Immaginatevi due mondi, paralleli ma connessi: uno è quello che conosciamo, nel quale viviamo, l’altro è un mondo dominato da bestie, esseri ferini dall’aspetto antropomorfo.
Parte da questo concetto l’ambientazione di The Boy and the Beast, film giapponese di Mamoru Hosoda sbarcato nelle nostre sale solo per due giorni (ieri 10 e oggi 11 maggio).
Ren è un ragazzo solo e ribelle che vive a Shibuya, ha perso i genitori e pur di non sottostare a chi vorrebbe fargli da tutore, decide di scappare di casa per provare a cavarsela da solo. Ren vive nel nostro mondo e detesta tutti.
Kumatetsu è un orso, è uno dei pretendenti per il posto di gran maestro del regno di Jutenkai, dotato di una forza sovrumana ma anche di un pessimo carattere. Infatti nessuno vuole essere suo discepolo, e questo dettaglio gli proibirebbe di partecipare alla corsa per il titolo.
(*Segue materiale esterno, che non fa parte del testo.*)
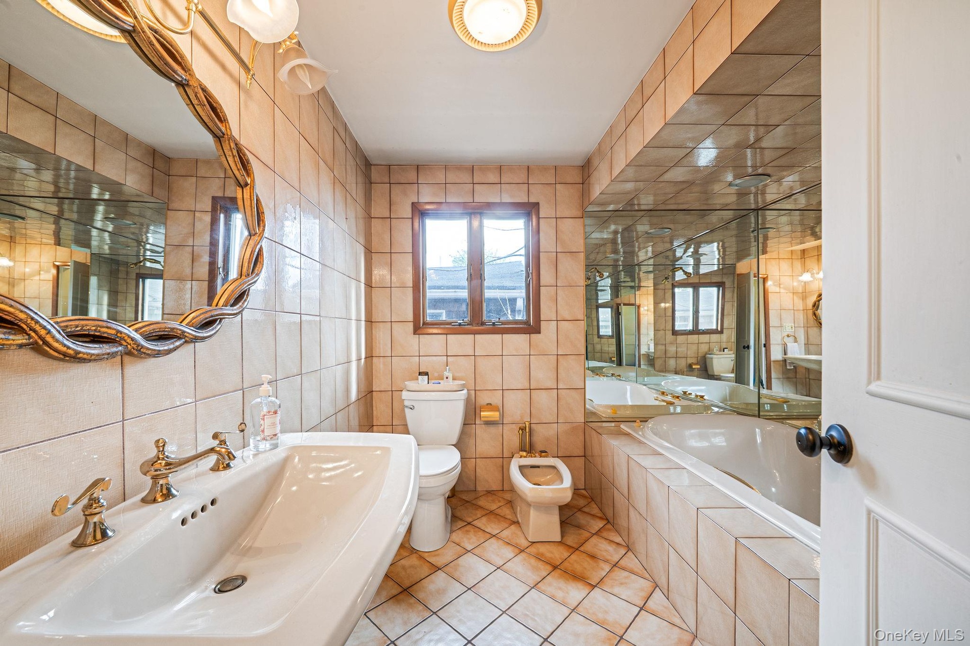 - Bathroom with tile walls, a tub with jets, and a bidet

Anche Kumatetsu detesta tutti.
Questi due esseri, tanto diversi ma con in comune l’animo ribelle, sono destinati a incontrarsi e a legarsi, perché la bestia chiede al ragazzo di diventare suo discepolo, accompagnandolo in un mondo nuovo, fatto di creature mai viste prima, ma anche di valori morali lontani da quelli del mondo che conosciamo: l’onore pare essere onnipresente, la violenza assente, relegata solo ai combattimenti ufficiali dove i guerrieri più forti danno sfoggio delle proprie doti marziali, ma sempre con grande rispetto verso l’avversario. Ma è una convivenza difficile: i due caratteri scorbutici cozzano tra loro e impediscono un apprendimento serio. Inoltre c’è la reticenza di chi non vuole Ren nel mondo delle bestie: gli esseri umani sono portatori delle tenebre, di tutti quei sentimenti negativi che si annidano nel loro petto e che rischiano di espandersi in quel mondo dove vigono leggi fisiche diverse, dove non c’è spazio per l’odio. Per non parlare della nostalgia di casa che il ragazzo proverà sulla sua pelle nel momento in cui il mondo degli umani tornerà a far capolino nella sua esistenza.
Mamoru Hosoda è conosciuto da noi per alcune pellicole che hanno ottenuto un discreto successo tra gli appassionati dell’animazione giapponese, come La ragazza che saltava nel tempo, il lungometraggio One Piece: L’isola segreta del barone Omatsuri, e Digimon – Il film, oltre che per molti altri lavori di stampo fantastico che gli hanno valso il titolo (un tantino esagerato?) di erede di Miyazaki.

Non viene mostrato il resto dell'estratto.